An illustration of the proposed concept detection approach. An unknown video clip is analyzed to automatically identify different types of labels: trending topics (pink), concepts (blue), and sentiment (green)

Fig. 2
figure 2

a For each day, the top trending topics are identified by aggregating feeds from Google, Wikipedia, and Twitter, and trend scores are computed. b Individual trend scores for the topic “Olympics 2012” during summer 2012. c The trend scores for the 23 most prominent trends for September 2011–March 2012, plotted over time

Unfortunately, this content is of little use if it is not accessible to users, e.g., by allowing users to retrieve videos by keyword-based search. However, keyword-based search requires each individual video to be annotated with a set of keywords describing its content. Given the vast amount of video content being created nowadays (YouTube, for example, stores about 100 hours of video content every minute) this poses an impossible task for human annotators.

Worse, as naturally as humans can perceive their surroundings visually, this undertaking is quite challenging for machines. This lack of correspondence between the low-level features that machines can extract from videos (i.e., the raw pixel values) and the high-level conceptual interpretation a human associates with perceived visual content is referred to as the semantic gap [6].

In recent years, great effort has been spent on content-based methods directly analyzing the video stream to bridge this gap. Following this line of research, the thesis focuses on concept detection [7], the task to detect semantic concepts in visual content. Given an input video clip, concept detection systems use statistical learning to infer the presence of a target concept by calculating its probability of appearance from low-level features extracted from the content. For this purpose, the set of all concepts—or concept vocabulary—should cover a broad spectrum of entities, such as objects (“chair”, “telephone”), scene types (“cityscape”, “desert”), and activities (“interview”, “people singing”), requiring concept detection systems to provide detectors for hundreds or even thousands of target concepts.

This, however, is considered as a major challenge in concept detection, as it demands labeled training samples for supervised machine learning—the underlying technology of current systems [7].

Such ground-truth training samples are usually acquired manually, i.e., a human annotator labels videos for whether the concept occurs.

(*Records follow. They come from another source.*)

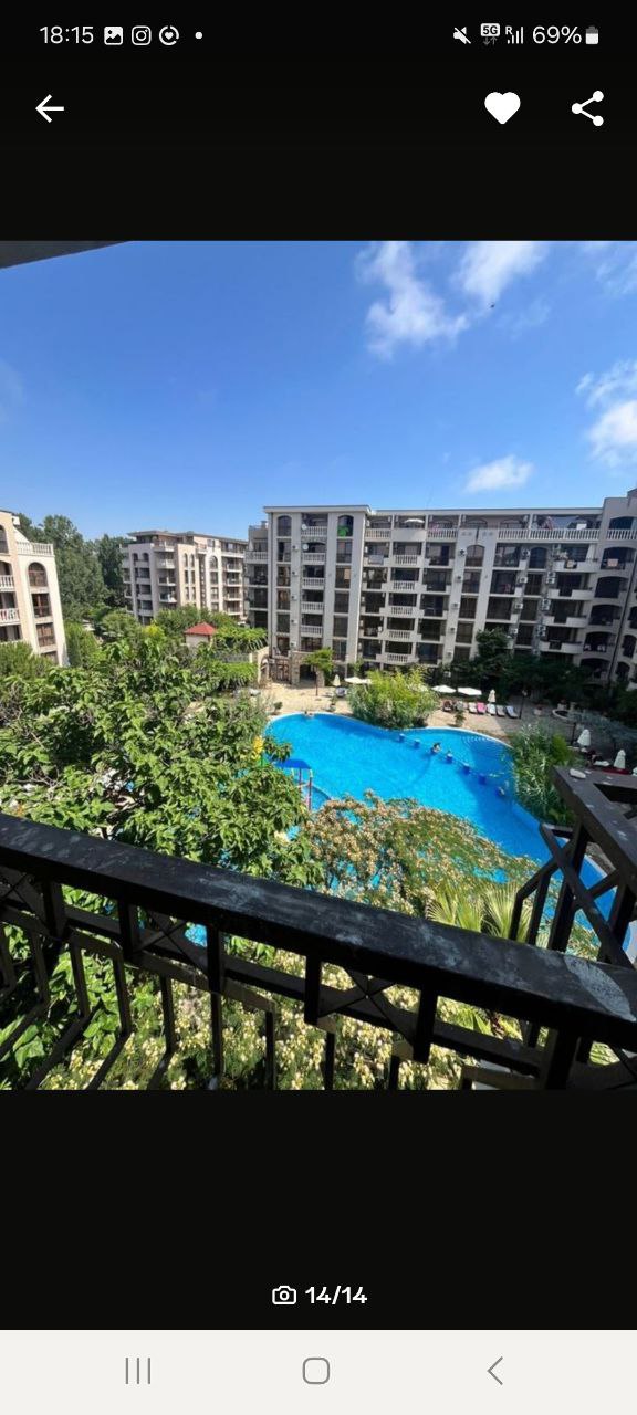 The apartment is situated in the Sunny Beach resort. The beach is only 450m away. Busy district, easy access to main street and the centre with all the communications and places. The popular aquapark is not far. The apartment is fully furnished and equipped, has OWN SEPARATE exit to the swimming pool. The territory is under security. The park zone is nearby, as well as 24/7 supermarket, public transport. To the Nessebar Old town - 10 minutes by bus.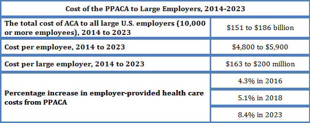 According to the report, the PPACA is estimated to increase the healthcare costs for large employers by 4.3% in 2016, 5.1% in 2018, and by 8.4% in 2023, with the increase primarily due to the high-cost excise tax that begins in 2018. For just the 31 large employers (those with 10,000 or more employees) that responded to their survey and provided cost estimates through 2023, the total cost of the PPACA over the next 10 years could be as much as $10.5 billion unless changes are made to their healthcare plans. This averages out to about $338.1 million per company that responded to the survey over 10 years.via The Cost of the Patient Protection and Affordable Care Act (PPACA) to Large Employers.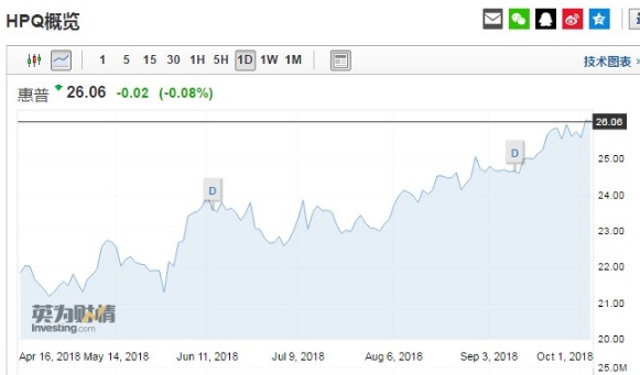 智通财经APP获悉,在惠普(HPQ.US)宣布将季度股息提高15%至0.1602美元每股之后,其盘后股价一度涨近5%,截至发稿,升2.38%报26.68美元。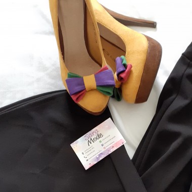 Decolleté scamosciate con tacco 12 con open-toe, interno in ecopelle, punta leggermente arrotondata con fiocchetto di colori diversi che rendono ancora più particolare questo articolo.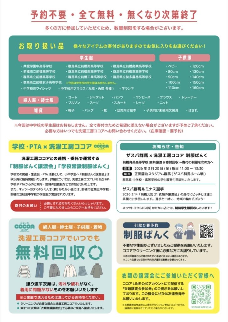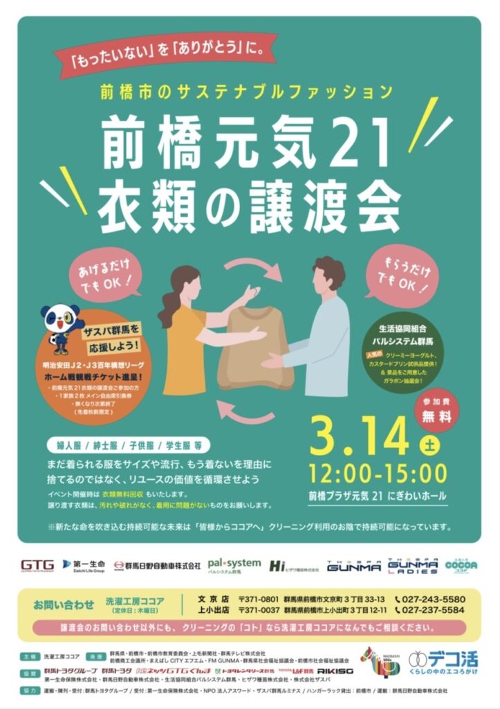 洗濯工房ココア「前橋元気21衣類の譲渡会」3/14(土)開催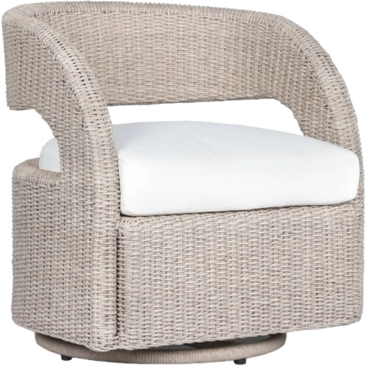 Strike a pose. This popular barrel-back shape with a cutout frame takes its place outdoors with a 360-degree swivel. Updated with a woven frame and a seat cushion in 100% olefin, known for its UV-resistant, water-repellent and quick-drying abilities.Read More

This time-consuming and cost-intensive effort creates a scalability problem, leading to small-scale, fixed concept vocabularies being useful in research setups, but making it impossible to satisfy the changing demands of users’ information needs. This leads to state-of-the-art systems still focusing on generic concepts such as “quadruped” or “hand” instead of providing detectors for concepts of interest, e.g., sports events such as “Olympics 2012”, incidents such as the “Costa Concordia” accident, or product releases such as the new “iPhone”. Finally, while there are approaches that can infer affect in visual content, no methods have yet been described in the literature for sentiment prediction from visual content. However, this kind of automatic assessment would lead to more comprehensive descriptions of social multimedia, where people express their opinions and sentiments on a regular base.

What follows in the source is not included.